During pregnancy, it is possible that placenta may be involved in the increased clearance of NIC and COT. NIC crosses the placental barrier, but there is no evidence of the NIC metabolite COT in placental tissue or microsomal fractions (Pastrakuljic et al., 1998). This is consistent with in vitro findings of very little CYP2A6 activity in the placenta. Low glucuronidation activity has been detected in the placenta, but it is not clear whether the UGT2B10 isoform is present (Collier et al., 2002; Tutka et al., 2008). The observation that NIC crosses the placenta with little evidence of metabolism to COT suggests that placenta is unlikely to be a major contributor to higher NIC metabolism in pregnancy. Similarly, during pregnancy, it is possible that fetal metabolism may account for a percentage of NIC total clearance. The pharmacokinetics of NIC differ in the fetus compared with the mother. The primary mechanism of clearance of NIC from the fetus is via transfer back to the maternal circulation (Suzuki et al., 1974). Thus, fetal metabolism accounts for only a small percentage of total NIC clearance and is unlikely to contribute substantially to higher NIC metabolism observed in pregnancy.

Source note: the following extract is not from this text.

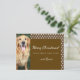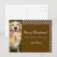 Personnalisez votre salutation de Noël avec cette carte postale personnalisée qui contient une photo de votre meilleur ami et les noms des membres de votre famille. Cette carte personnalisée a un arrière - plan brun foncé chaleureux avec des côtés de pois blancs.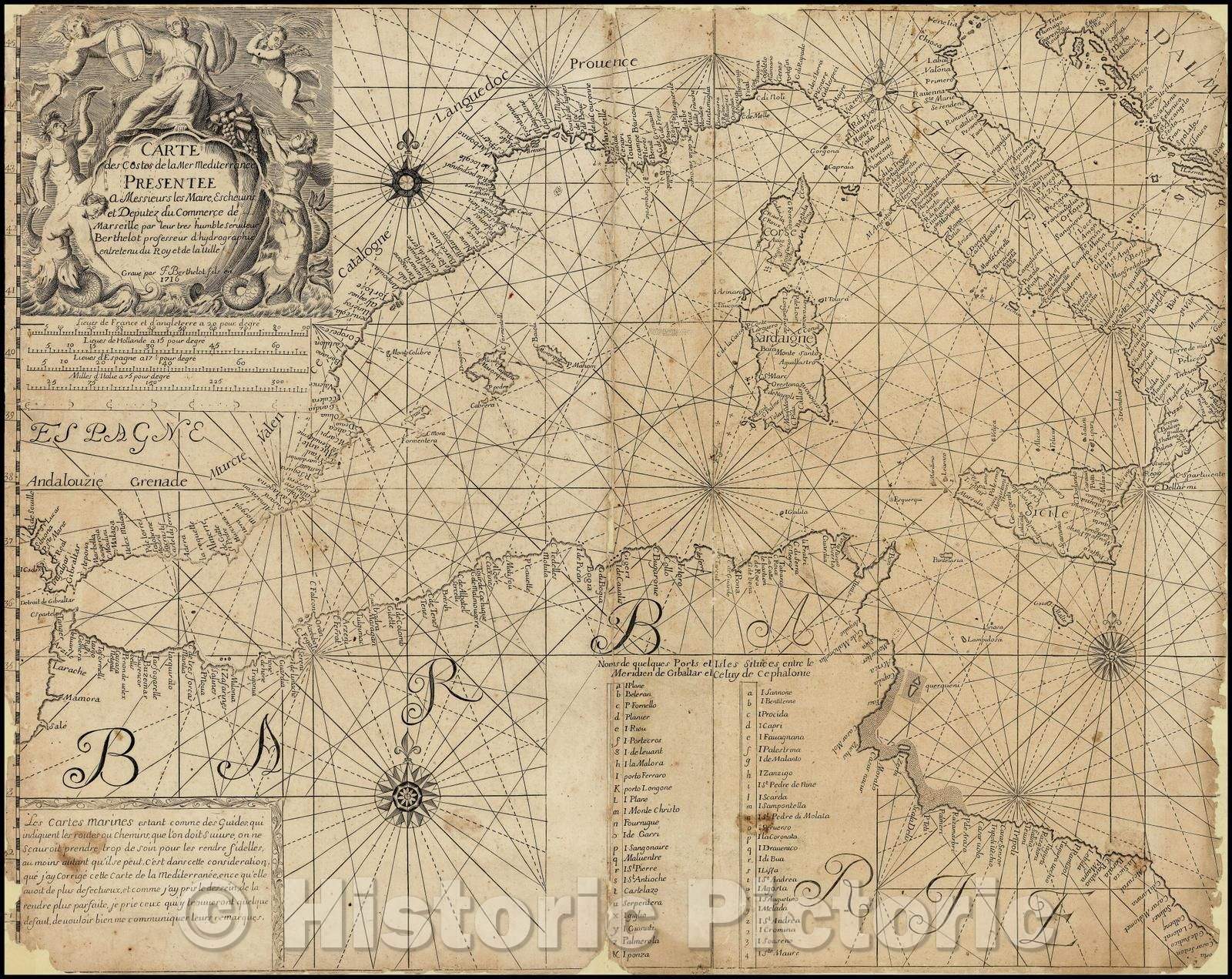 Historic Map - (Eastern Half of Mediterranean) (Carte des Costes de la Mer Mediterranee Presentee a Messieurs les Maire /, 1716, Francois Berthelot - Vintage Wall Art

The increase in the metabolic clearance of NIC would be expected to result in a compensatory increase in NIC intake among pregnant smokers. However, a recent study found no evidence of compensatory smoking when comparing the smoking topography of pregnant and nonpregnant female smokers (Bergeria et al., 2017). Consistent with this, the daily intake of NIC (when measured by the TNE) was reduced during pregnancy compared with postpartum in the present study. The majority of pregnant smokers who quit or make reductions in their smoking report doing so soon after learning they are pregnant (Heil et al., 2014); therefore, the desire to protect the fetus and sensitivity to social expectations around smoking during pregnancy likely outweigh the influence of increased NIC metabolism on tobacco consumption during this time.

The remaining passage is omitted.